Each row in silver.suppression_rules is a single mute. A mute names:

  • A scope (which finding column the rule matches against — e.g. tool_source).
  • A target pattern (the value or wildcard to match — e.g. semgrep, or myorg/legacy-*).
  • An expiry timestamp (rules auto-deactivate after this).
  • A reason (free-text audit note).

When a Gold notebook reads silver.findings, it also reads silver.suppression_rules, drops rules whose expires_at is in the past, and filters out any finding row that matches at least one remaining rule. The aggregation then runs on the filtered set.
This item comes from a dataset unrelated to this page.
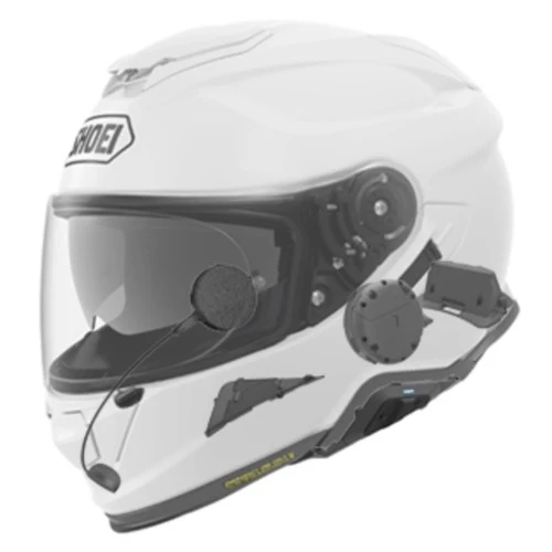 The Sena SRL2 Bluetooth communication system was jointly developed by Sena and SHOEI specifically for the new SHOEI Neotec 2, GT Air 2 and J-Cruise 2 helmets. As with the Sena comms. unit in the Shoei Neotec 2, the SRL2 slots seamlessly into the helmet. All the routes for the cables are pre-channelled, the speakers clip into their prescribed slots, and the control unit and aerial simply replace the triangular plastic panels on either side of the helmet. This means that there’s no ugly unit on the side of the helmet; a unit that would only serve to increase wind noise.The SRL2 is based on Sena’s top-of-the-range 20s model. You can talk to up to seven other riders, or pair it to a phone to take calls or listen to music. It is estimated that the talk distance is around a mile. Obviously, you can also connect to a GPS unit to hear directions. If you’re clever enough, you can operate the intercom using voice commands. There’s an FM music channel, and the whole system has been designed to be compatible with non-Sena units, whilst Sena’s Advanced Noise Control technology also acts to cut out wind and road noise. If you order your comms. unit at the same time as a helmet, you will save the 20% VAT, because helmets are zero rated.

The Gold-layer suppression helper that does the matching is at src/analytics/lib/suppression.py. It exposes a pure-Python predicate for unit testing and a Spark-side filter that the notebooks use on the cluster.

Where they are applied

Suppression is applied once at the start of each Gold notebook's run, before that notebook's aggregation step:

Gold artefact Suppression applied? Notes
gold.app_risk_posture_daily Yes Post-join with silver.app_repo_mapping, so application_id rules resolve.
gold.mttr_by_source_severity_weekly Yes Pre-join (no application_id available). Rules scoped to application_id are silently skipped.
gold.coverage_matrix No — by design Coverage tracks tool runs, not finding visibility. A muted finding is still evidence the tool fired.
gold.dedup_link_overlap Yes Applied before the self-join so muted findings do not inflate overlap counts.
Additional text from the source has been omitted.